If you care to be President, better not to have legal dramas in your life. But to Donald Trump, litigation can seem like cream to a cat. Sometimes people sue him, as in a continuing case about the late, lamented Trump University, but more often he is going after those he thinks have slighted or mistreated him.

Any American voter paying attention will know that Mr Trump most recently took umbrage at the Spanish-speaking television network Univision for breaking ties with him after he termed immigrants from Mexico “criminals” and “rapists”, and declined to honour an agreement to air a Miss Universe pageant that he co-controlled with NBC Universal (which also walked away from him).

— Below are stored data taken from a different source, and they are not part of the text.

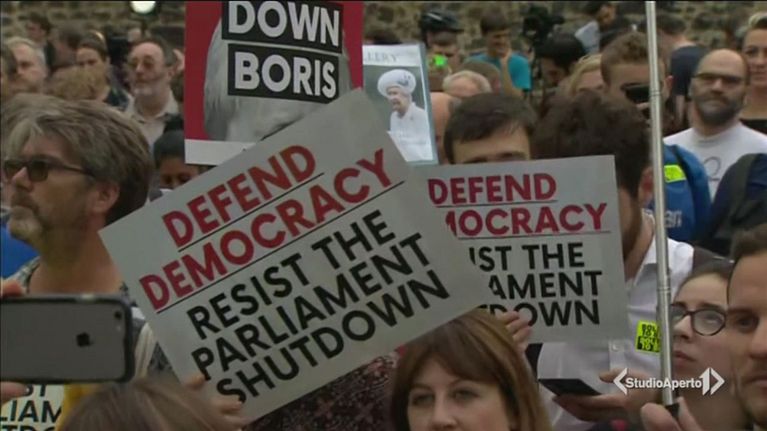 Crolla la sterlina e cresce la protesta dopo la decisione di Boris Johnson di sospendere il Parlamento per evitare intoppi alla Brexit.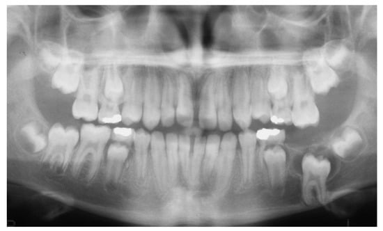 - Kushukakawa, J.; Irie, K.; Morimatsu, M. Dentigerous cyst associated with deciduous tooth: A case report. Oral Surg. Oral Med. Oral Pathol. 1992, 73, 415–418. [Google Scholar] [CrossRef]
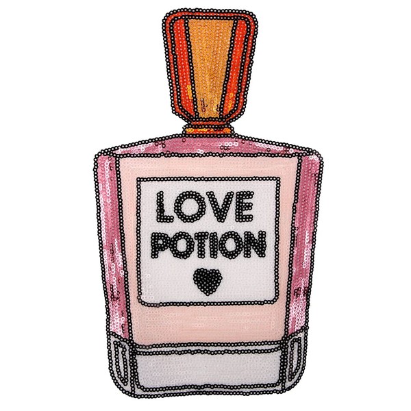 Locomo Sequin Perfume Sew Iron On Patch Sequined Large Paris Love Potion Bottle Motif Applique for Women Clothing Jacket T Shirt Coat Decoration

That fight burst back into millions of US sitting rooms when Mr Trump squabbled this week with the main anchor of Univision, Jorge Ramos, and briefly threw him out of a news conference. When Mr Ramos returned, Mr Trump reminded him how much he is suing his network for: $500m (£325m). A first hearing on a Univision motion to dismiss the lawsuit is set for 14 September.

Journalist Jorge Ramos is escorted out of a Donald Trump press conference

Less well known is that Mr Trump is also going after José Andrés, a Spanish celebrity chef, to the tune of $10m after he withdrew from a planned new restaurant in a Trump hotel, again because of the Mexican immigrant comments. Some time next month, Mr Trump is expected to give sworn testimony in a class action brought by a former student of Trump University (founded in 2005 to teach students how to become property tycoons, just like its namesake). He is also still battling a $40m suit filed against him by the New York Attorney General for purportedly running an educational establishment without proper licensing.

Mr Trump’s past is similarly peppered with legal confrontations. He sued the author Timothy O’Brien for suggesting in his book Trump Nation that its title character wasn’t nearly as wealthy as he claimed he was. That suit was dismissed. He eventually reached a settlement with Deutsche Bank in a feud over the terms of loans it had made for his now-completed 90-storey tower in Chicago.

One saga, dating back to 1986, casts Mr Trump in the light of an angel. A bank in Georgia was preparing to repossess the family farm of a woman whose husband had shot himself weeks before in the mistaken hope that the insurance money would be enough to pay off huge debts.

The farm was to be auctioned off. Mr Trump rang the bank in question – he wrote about it in his book The America We Deserve – and threatened to “bring a lawsuit for murder against the bank” if it went ahead. It didn’t.